Neuromyelitis optica (NMO) is an inflammatory-demyelinating disease characterized by destructive lesions in the optic nerves and spinal cord. In addition to astrocyte depletion, oligodendroglial cells are lost in NMO lesions. However, the time course and mechanisms of oligodendroglial demise have not been characterized in detail.

In our study we used monoclonal antibodies against Aquaporin 4 (AQP4) reconstructed from CSF plasma cells of NMO patients. These rAbs have recently been shown to deplete perivascular astrocytes if i.v. injected into MBP- primed rats (Bennett et al., 2009).

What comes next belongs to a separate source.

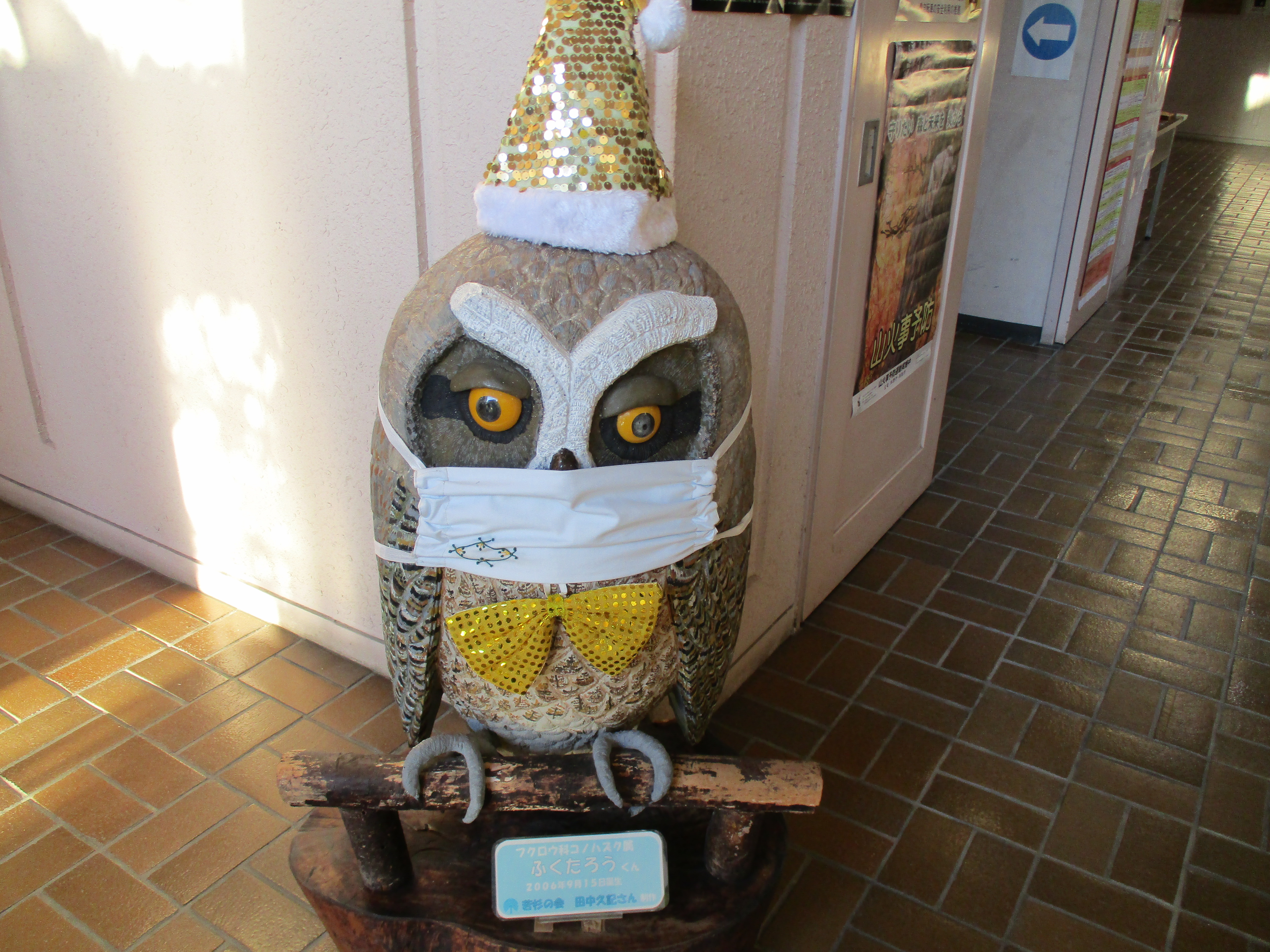 写真は、当センターの「ふくたろうくん」です。ご覧のとおりクリスマス仕様になっており、大変可愛らしいですよね。来年は、このマスクが取れることを切に願うばかりです。

Already 24 hrs after a single stereotactic intracerebral injection of a complement-binding anti-AQP4 antibody diluted in human serum into the rat brain, the peak of astrocyte depletion was achieved. Similarly, loss of oligodendroglia occurred rapidly and was nearly complete at this time point. In vitro, oligodendroglial cells were damaged after incubation with supernatant from astrocytes previously incubated with anti-AQP4 antibody and human complement. Oligodendroglial cell death was partly blocked by NMDA and other receptor antagonists in vitro and in vivo.

Our results suggest a role for excitotixicity in oligodendroglial reduction in experimental NMO lesions.